2.  http://www.combatwc.com/english.html    (Make sure to check the media section....they have plenty of video clips to look at which might aide your opinion as well.)

I humbly thank you all for your help.


----------



## SAVAGE (Feb 26, 2006)

Sounds liek a crap way to learn to me....I am sure that the masters are quite good..but the method of learning is crap!


----------



## ed-swckf (Feb 26, 2006)

SAVAGE said:
			
		

> Sounds liek a crap way to learn to me....I am sure that the masters are quite good..but the method of learning is crap!


 
the first one you mean?


----------



## Xue Sheng (Feb 26, 2006)

Master Terence Yip

http://www.cebridge.com.au/Yipman/
List Terrence Yip, Yip Pui as a student of Yip Chun

I am not a Wing Chun guy, but I always doubt mail order martial arts.


----------



## ed-swckf (Feb 26, 2006)

AceHBK said:
			
		

> I came across these two ways of training.
> Please give me your opinion on both.
> 
> 1. http://www.yipwingchun.com/homestudy.html
> ...


 
I don't think i'd feel comfortable relying on  videos for the most part of my training, i only ever tend to use videos for reference to my training, the second link seems interesting.


----------



## ed-swckf (Feb 26, 2006)

Xue Sheng said:
			
		

> Master Terence Yip
> 
> http://www.cebridge.com.au/Yipman/
> List Terrence Yip, Yip Pui as a student of Yip Chun
> ...


 
He is a genuine disciple of yip chun but i do find this approach an odd way to learn a hands on martial art.


----------



## SAVAGE (Feb 26, 2006)

ed-swckf said:
			
		

> the first one you mean?


 
You would be more qualified to say that, then I...I am only going on what I saw!

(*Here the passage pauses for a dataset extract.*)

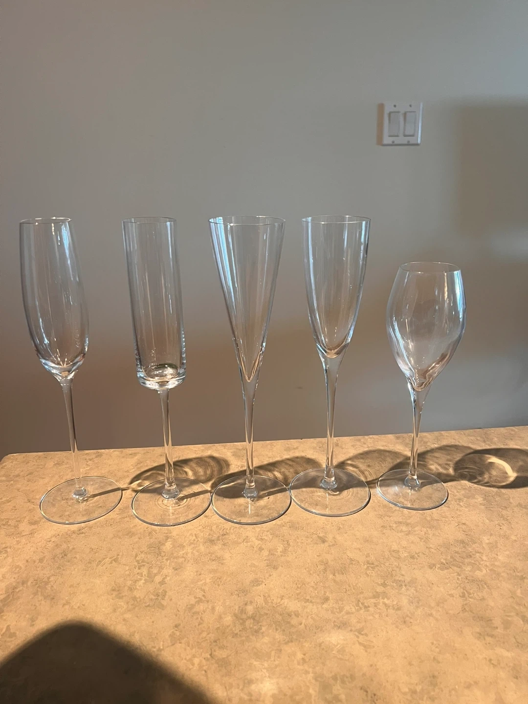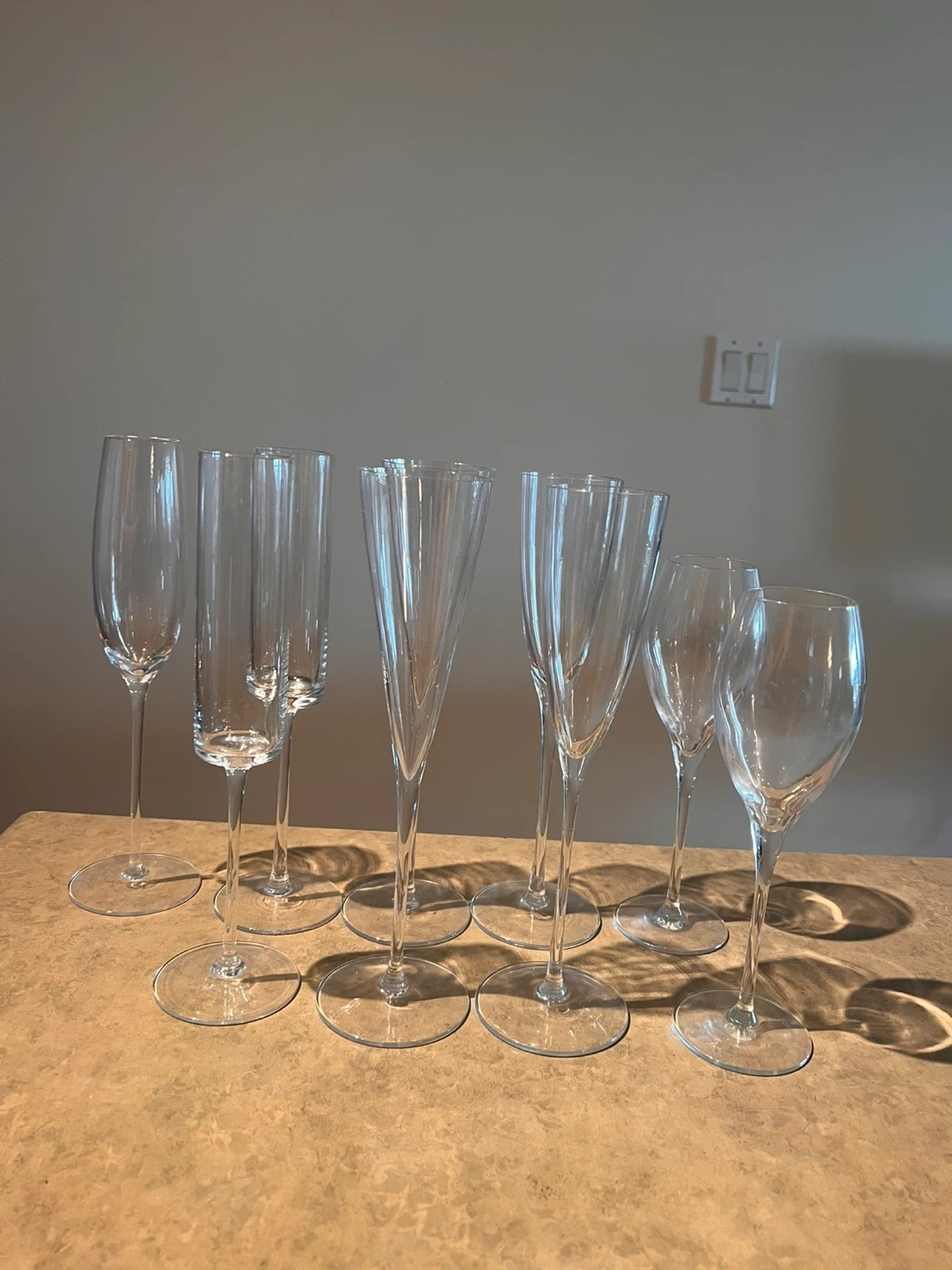 Selling a set of 9 champagne flutes. They are in great condition and ready for your next celebration! There are a few different styles included in the set. Cash only
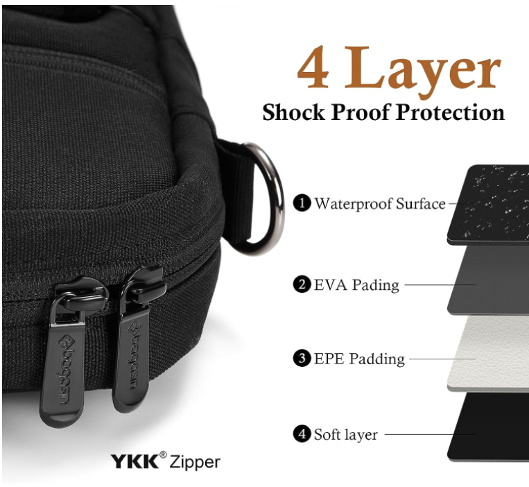 Geanta pentru laptop Bagasin este prevăzută cu protecții în 4 straturi pentru laptopul dvs.: 1. Țesătura cea mai exterioară impermeabilă și rezistentă la zgârieturi; 2. Căptușeală EVA elastică pentru o formă subțire și netedă; 3. Spumă EPE pentru absorbția șocurilor; 4. Strat foarte moale

I dont have a problem with MA...but I do have a problem with distance learning for MA!


----------



## Xue Sheng (Feb 26, 2006)

ed-swckf said:
			
		

> He is a genuine disciple of yip chun but i do find this approach an odd way to learn a hands on martial art.


 
I agree whole heartedly. 

Please forgive the spelling if I am wrong, but how do you learn Chi Sau from a video


----------



## AceHBK (Feb 26, 2006)

Ed and others, Terrance Yip would probably be a great person to learn from I must agree with you all that mail order MA is not the way to go.  It did look interesting though to learn it.

What do u all think of the second link though?  That is close to me and they meet 3x a week for 2 hours each time.


----------



## Xue Sheng (Feb 26, 2006)

AceHBK said:
			
		

> What do u all think of the second link though? That is close to me and they meet 3x a week for 2 hours each time.


 
Not being a Wing Chun Guy I am not qualified to comment on good or bad here. 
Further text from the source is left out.